Le chef du gouvernement populiste italien, Giuseppe Conte, a refusé jeudi soir d'approuver une première salve de conclusions, portant notamment sur la défense et le commerce, avant même que ne commence le débat sur les migrations entre les dirigeants des 28.
"Rien n'est approuvé tant que tout n'est pas approuvé", a justifié une source gouvernementale italienne pour expliquer sa position, tandis que les présidents de la Commission européenne et du Conseil européen devaient reporter à vendredi la conférence de presse prévue jeudi soir à mi-parcours du sommet.
"Nous attendons des actes", avait d'emblée déclaré à son arrivée à Bruxelles le Premier ministre italien, qui reproche à ses voisins de laisser l'Italie gérer seule les arrivées de migrants. Il avait alors déjà menacé de bloquer l'adoption de conclusions communes, qui doit recueillir l'unanimité.
L'UE "face à son destin"
Le Conseil européen réuni à Bruxelles ponctue deux semaines de bras de fer diplomatique autour de navires transportant des migrants secourus en Méditerranée, auxquels Rome a refusé l'accostage.
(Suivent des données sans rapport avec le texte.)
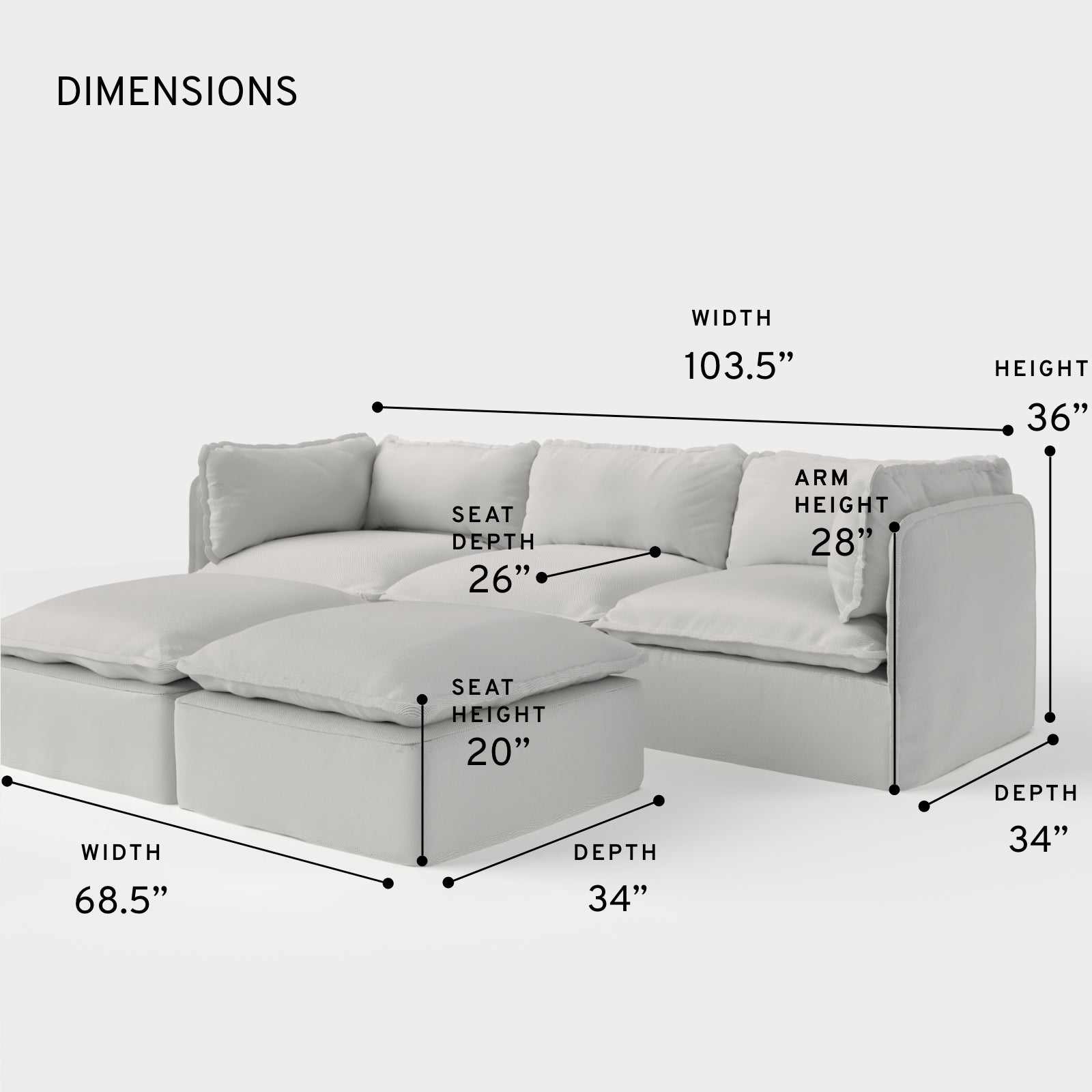 OVERALL: 103.5” W x 34” D x 36” H
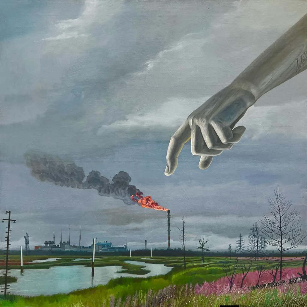 Отдельного внимания заслуживает диптих промышленных пейзажей, на которых богиня Земли Гея оценивает и простирает длань к газовому месторождению – Богатству Земли Русской.
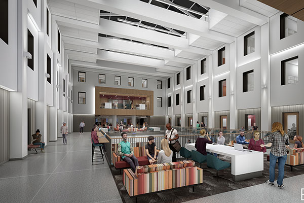 New features at Bachelor will include a modern TV studio; the Bachelor Great Room, a 68-person multifunctional space for events and teaching; a dedicated event space for the Humanities Center; and an atrium, a four-story space that will provide visual and physical connectivity to the core of the building.

Il est aussi marqué par la fragilité inédite de la chancelière allemande Angela Merkel, dont l'autorité est défiée sur la question migratoire. Son ministre de l'Intérieur menace de refouler aux frontières les migrants déjà enregistrés ailleurs, de manière unilatérale, faute de mesures européennes contre les déplacements de migrants dans l'UE.
"L'Europe a beaucoup de défis mais celui lié à la question migratoire pourrait décider du destin de l'Union européenne", a prévenu jeudi Angela Merkel, appelant à des solutions "multilatérales" et non "unilatérales".
Le président français Emmanuel Macron est allé dans le même sens, écartant les "solutions nationales" à la question migratoire. "Je défendrai des solutions européennes de coopération dans l'UE", a-t-il plaidé à son arrivée à Bruxelles.
ats/ebz
Dérogation provisoire ou non aux principes de Dublin?
Le sommet devait initialement permettre de débloquer la réforme du régime d'asile européen, enlisée depuis deux ans. Mais cet objectif a été abandonné, les divergences étant trop fortes sur la réforme du Règlement de Dublin, qui confie aux pays de première entrée dans l'UE la responsabilité des demandes d'asile.
La Commission propose de déroger à ce principe ponctuellement en période de crise, avec une répartition des demandeurs d'asile dans l'UE depuis leur lieu d'arrivée. Mais des pays comme la Hongrie et la Pologne, soutenus par l'Autriche, s'y opposent frontalement.
L'Italie demande au contraire un système permanent de répartition, et l'abandon pur et simple du principe de la responsabilité du pays d'arrivée.
La Libye s'estime abandonnée par l'Europe
Pour intercepter ou sauver des migrants en Méditerranée, les garde-côtes libyens ne disposent que de quatre navires, dont un "en panne", restant parfois à quai... faute de carburant.
"Nous ne recevons aucun soutien, ni de l'intérieur (du pays) ni de l'extérieur", a déploré le général Ayoub Kacem, porte-parole de la marine libyenne, précisant que les vedettes utilisées par ses hommes sont "prêtées" par Rome depuis 2010.
"Les navires ont atteint leur limite", a-t-il ajouté, mettant en garde contre un "effondrement total" des gardes-côtes libyens.
Plongée dans le chaos depuis la chute du régime de Mouammar Kadhafi en 2011 et minée par les luttes d'influence, l'insécurité et une crise économique, la Libye estime avoir été abandonnée par l'Europe pour faire face seule aux flux de migrants transitant sur son territoire.